Unfortunately, few have taken the time to recall what FDR and his New Dealers actually accomplished in their legendary “Hundred Days.” But we who are determined to resist, and fight back against, Trump’s and the right’s assaults on the public good – their war against the public programs that enable life, liberty and the pursuit of happiness; the public agencies and regulations that protect the environment and secure the rights of citizens as consumers, workers and voters; the public schools that empower generations; the public media, history and the arts that enrich our lives; and the public parks and spaces that allow us to refresh ourselves – should do so.
We should do so not only because Trump and his comrades have directly targeted FDR’s legacy for destruction, but also to remind us all how a progressive President and people launched a revolution and started making America truly greater. The Resistance needs to develop a memory of how past generations confronted reactionary threats to American democracy.
In the early 1930s, Americans had reason to wonder and worry about the future of American democracy. The Great Depression was destroying the economy and overwhelming public life and resources. But as much as Americans suffered, they did not suffer passively. Bearing the Stars and Stripes, Midwestern farmers were mobilizing and taking the law into their own hands to halt foreclosures and block shipments of produce to markets.
Organizing themselves in Unemployed Leagues, jobless workers were marching and demanding state and federal action to provide relief and jobs. And in 1932, 20,000 World War I veterans, many joined by their families, had made their way by every conveyance possible to Washington DC to petition Congress to immediately distribute the “Veterans’ Bonus” payments they were not supposed to receive until 1945. Sheriffs and their deputies fought farmers; police and hired thugs attacked workers; and General Douglas MacArthur led fully armed troops against the Bonus Marchers’ DC encampments – not to mention, southwestern state governments were repatriating both Mexicans and Mexican-Americans back across the border.
With unemployment, homelessness and hunger increasing, and unrest spreading, President Herbert Hoover seemed incapable of addressing the crisis. Echoing the fears and desperation of the upper-classes, Vanity Fair editorialized in its June 1932 issue, “Appoint a dictator!”
Though no less elite, Democratic politician Franklin Roosevelt, the son of Hudson Valley gentry, had a different view of things. He knew American history, and what he knew had led him to believe that to save democracy Americans had to do what they had done in the past – enhance it! He did not fear Americans’ democratic impulses. In fact, he told students at Milton Academy in 1926, he feared what might happen if they were too long thwarted.

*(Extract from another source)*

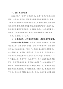 一、2021年工作回顾2021年是“十四五”的开局之年,也是中国共产党成立100周年。一年来,在区委、区政府和镇党委的坚强领导下,全镇上下高举习近平新时代中国特色社会主义思想伟大旗帜,坚持稳中求进工作总基调,聚焦高质量发展,紧紧围绕“四区”发展定位,持续推进我镇商贸物流建设、文旅融合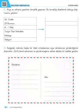 D. Aşağıdaki mektubu başka bir ildeki arkadaşımıza veya akrabamıza gönderdiğimizi

As governor of New York (1929-1933), Roosevelt responded to the Depression by initiating a series of public programs and works projects to develop power resources, provide jobs and improve the lives of working people. But he fully appreciated that the crisis required concerted national action. At the Democrats’ Jefferson Day Dinner of 1930, he decried the accelerating “concentration of economic power.” And he told a friend: “There is no question in my mind that that it is time for the country to become radical for a generation.”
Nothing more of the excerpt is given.